I’m like bigger than Car
like my hands are bigger
we we snuggle I’m bigger
when I lay on him I feel like I’m crushing him…
ugh. he’s taller than me. that’s something right?
he told me he usually dates smaller girls… doesn’t that make me feel nice. ugh. I wish I was smaller, skinnier, shorter. ugh.
Car kept me up late last night and we didn’t even get to talk on the phone. I miss him. but i saw him Sunday. ugh. I wish he went to my school… I really like him.. what if he’s losing interest? what If he likes somebody else? /.\ jeez I think too much.
a is sick today. yippieeeeee. I cannot focus on chemistry with her annoying fucking giggle.

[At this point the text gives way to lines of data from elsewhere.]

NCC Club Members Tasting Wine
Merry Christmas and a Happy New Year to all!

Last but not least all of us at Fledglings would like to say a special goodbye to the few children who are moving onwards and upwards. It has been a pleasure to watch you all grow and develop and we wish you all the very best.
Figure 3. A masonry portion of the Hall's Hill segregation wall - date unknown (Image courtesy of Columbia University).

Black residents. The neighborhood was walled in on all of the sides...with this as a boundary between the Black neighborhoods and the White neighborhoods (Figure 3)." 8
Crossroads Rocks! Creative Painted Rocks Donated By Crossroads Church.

jay cub is pretty cool. we’ve been going on walks. he’s really chill and down to earth we can talk about anything, it’s great.

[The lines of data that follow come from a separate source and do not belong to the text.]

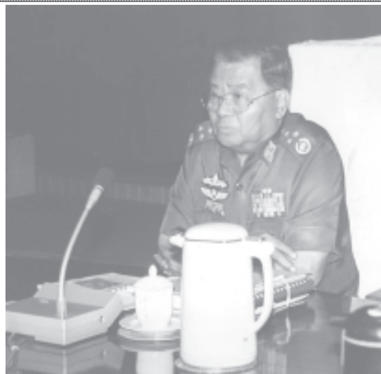
Senior General Than Shwe addresses Development of Border Areas and National Races Central Committee Meeting No 2/2004.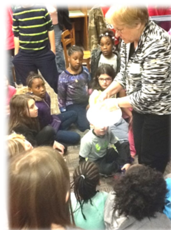
Students at York Road Elementary learned about worm anatomy and worm behavior.

Worms are all the rage for school groups and garden clubs & the Conservation District has supplied worms and workshops for several this year. Worms eat fruit and vegetable scraps, reducing the amount of garbage you throw away. And the castings worms make from the scraps are a nutritious addition to your garden, reducing your need for chemical fertilizers. For more information on how to make and maintain a worm composting bin, contact your Conservation District.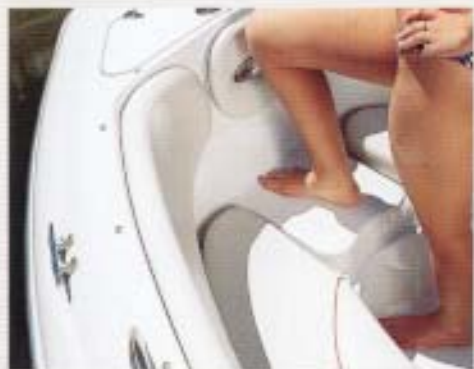
Integrated bow step for convenient and easy boarding.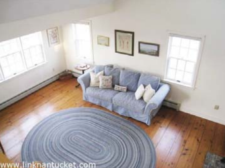
View from the staircase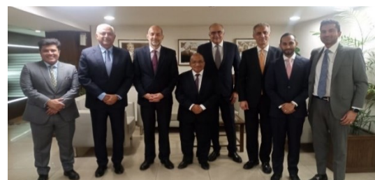
A group photo with the management of Habib Metropolitan Bank.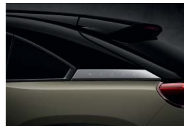
Zircon Sand (Multi-tone)

Browse the link for a full Mazda MX-30 digital car configurator https://www.mazda.ie/configurator/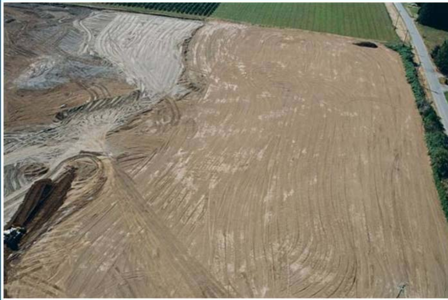
Aerial view of completed surface preparation (2010)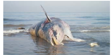
The whale appeared to have been injured; there was flesh hanging off it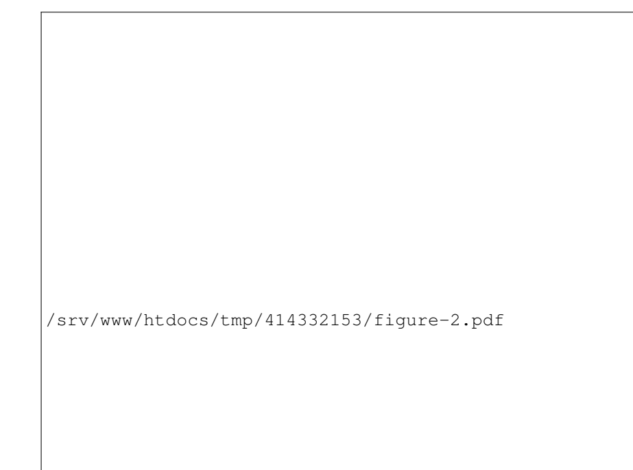
Fig. 2. PAN generation1

I didn’t tell car how he tried to kiss me… i don’t know how, should I tell him? it wasn’t even anything. I pushed him away and he laughed it off as if it was a joke. it probably didn’t mean anything.
I’d choose car or jay any day. car makes me so unbelievably happy. I can’t believe how happy he makes me. agh Its just amazing. I’m like 2 weeks clean, in a better mood, willing to get out of bed. it’s fantastic. I hope I make him happy. oh god… I really don’t want to lose him.

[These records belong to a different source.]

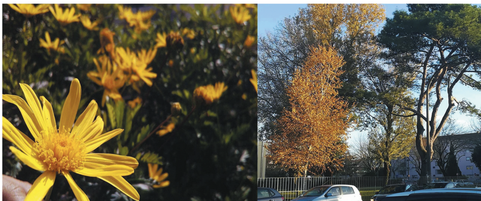
Figure 2. Green spaces and public gardens in the vicinity of their neighborhoods and school appreciated by the group.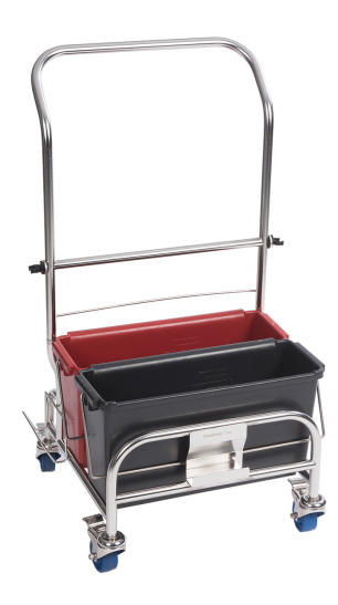
Trolley 44.5 (L) x 49.0 (W) x 104cm (H) 15L Bucket 15.3 (L) x 47.6 (W) x 25cm (H)

Compact Double Bucket System with Standard handle (2940P2B)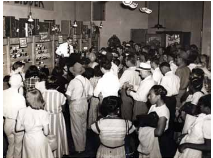
A raffle on opening day at Draisen's Jewelry Store in Anderson, 1948.

car talked to me about like a future. like dating him while he’s in college and like maybe even longer than that… omg, I might have a future.. that’s exciting.. I love him.
I kinda feel like right now all we’re doing is cuddling, watching movies, and making out. never really talking… we’ll have to change that I guess.
at the moment we’re not even texting… I hope he doesn’t break up with me.. bleh >.<
I have a vball game today… I hope we win. i have bruises all over the place. we better win.